Inflation: The excess productive capacity evident in the stubbornly high jobless rate is likely to
exert persistent downward pressure on wages and prices. Under these conditions, we forecast
core inflation to continue its cyclical slide to a new record low of just 0.7% in Q4 of this year.
Accelerating rent inflation should help prevent a decline in price levels over the near-term, but
we do see a non-trivial probability of deflation (see Deflation: causes, consequences and cures).

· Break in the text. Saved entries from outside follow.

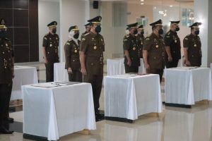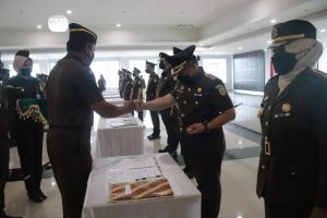 Upacara Pelantikan dan Pengambilan Sumpah Jabatan Pejabat Eselon III di Lingkungan Kejaksaan Tinggi Sulawesi Tengah dilaksanakan dengan memperhatikan protokol kesehatan dan sebelumnya telah dilakukan pemeriksaan swab antigen. ( NSR T./ Krim Kejati Sulteng)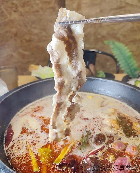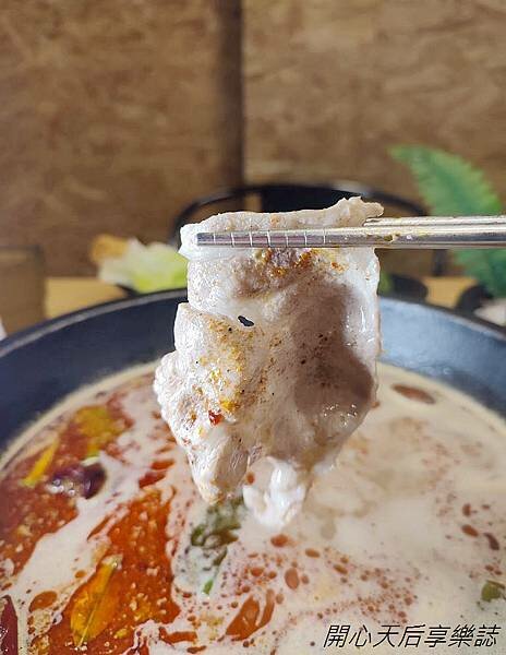 表面雖有層浮油,卻不油膩,因為加入了豚骨高湯,讓微香辣的湯底,喝起來比一般麻辣湯爽口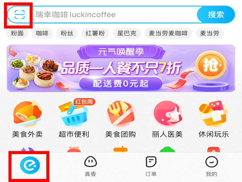 1、打开饿了么,点击进入“首页”界面,点击上方搜索栏的“扫描”符号。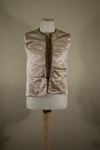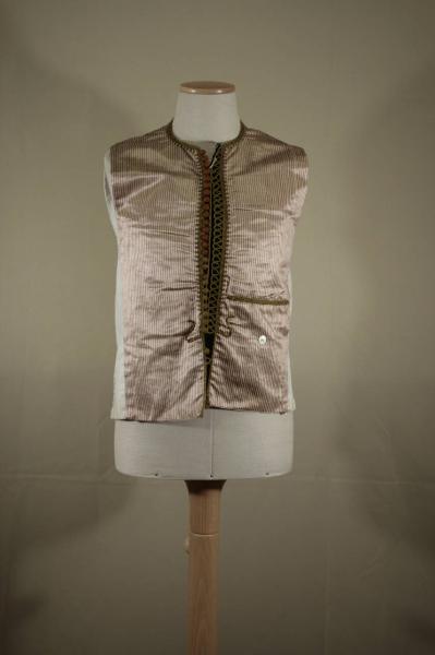 Gilè lungo oltre la vita, diritto al fondo, con quarti anteriori in pekin rigato rosa (raso) e viola (chevron). Girocollo, con mostre diritte chiuse da ganci, profilate da passamaneria in cotone verde oliva: a destra piccoli bottoni sferici ricoperti ad ago, verde oliva e marrone, a sinistra la passamaneria forma asole su profilatura in panno blu. A sinistra tasca orizzontale decorativa profilata da cordoncino verde oliva; sotto la finta tasca un bottone in madreperla bianco. Fianchi e dorso (più corto) in tela bianca regolabile da coppia di lacci; la stessa tela fodera i quarti in pekin.

Policy: We expect the FOMC to inaugurate a new phase of quantitative easing (QE) by
targeting incremental increases in its holdings of US Treasuries as conditions warrant. This
additional easing of monetary policy late in 2010 makes it unlikely that the FOMC will begin
raising its interest rate targets before 2013. However, we do expect some modest tightening in
the form of calibrated asset sales to begin in 2012. We also now expect Congress to fully
extend the Bush-era tax cuts as a response to weak growth. Election-year politics make the
fiscal policy outlook unusually murky, but a variety of options including infrastructure spending,
and business and payroll tax cuts will likely be considered for early action after the elections.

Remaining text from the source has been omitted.